The new rules will give consumers and investors more insights into how the companies whose products they buy and back are contributing to global warming or working to fight it, according to a. report in The Washington Post.
Planned for a Monday release, the new rule would impact hundreds of businesses and force them to measure and disclose greenhouse gas emissions.
It's a huge move for transparency and could allow companies to finally come to terms with the ways in which their businesses are contributing to climate change and affecting the lives of their consumers.
A recent NASA chart displays how industrial activity has changed global temperatures over the last one hundred years. And the overhaul of corporate disclosure laws would be an attempt to get business to reckon with their role in accelerating a changing climate.
The move is happening against a backdrop of weather-related disasters that have cost businesses over $145 billion in 2021, according to National Oceanic and Atmospheric Administration data cited by The Post.

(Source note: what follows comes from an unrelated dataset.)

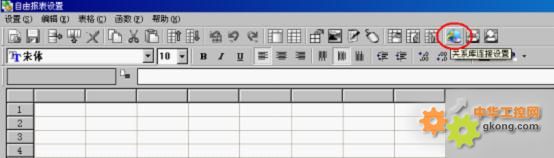 在紫金橋組態(tài)軟件開發(fā)界面的窗口中,創(chuàng)建一個自由報表對象,雙擊進入其屬性設置,點擊“關系數(shù)據(jù)庫聯(lián)結設置”:

As these costs continue to mount, investors in public companies want to know how corporations are proposing to address these risks to businesses and stakeholders' livelihoods.
Beyond those concerns, there are also risks that billions currently invested in fossil fuels could become "stranded" or disappear as governments around the world move away from the energy source. “These disclosure rules are critical to ensuring that Wall Street cannot continue to get away with making investments that exacerbate the climate crisis,” Sen. Elizabeth Warren (D-Mass.) said in an emailed statement to the Post. “The American people and financial investors have a right to know the risks of these investments, and it’s taken far too long for the SEC to take action.”
Standardizing disclosure requirements will also make it easier for investors to distinguish greenwashing from real environmental practices. Some businesses, like Coca-Cola, totals emissions generated by facilities, suppliers and customers, but lionized climate businesses like Tesla, only report the emissions generated for a single line of cars, as the Post reported.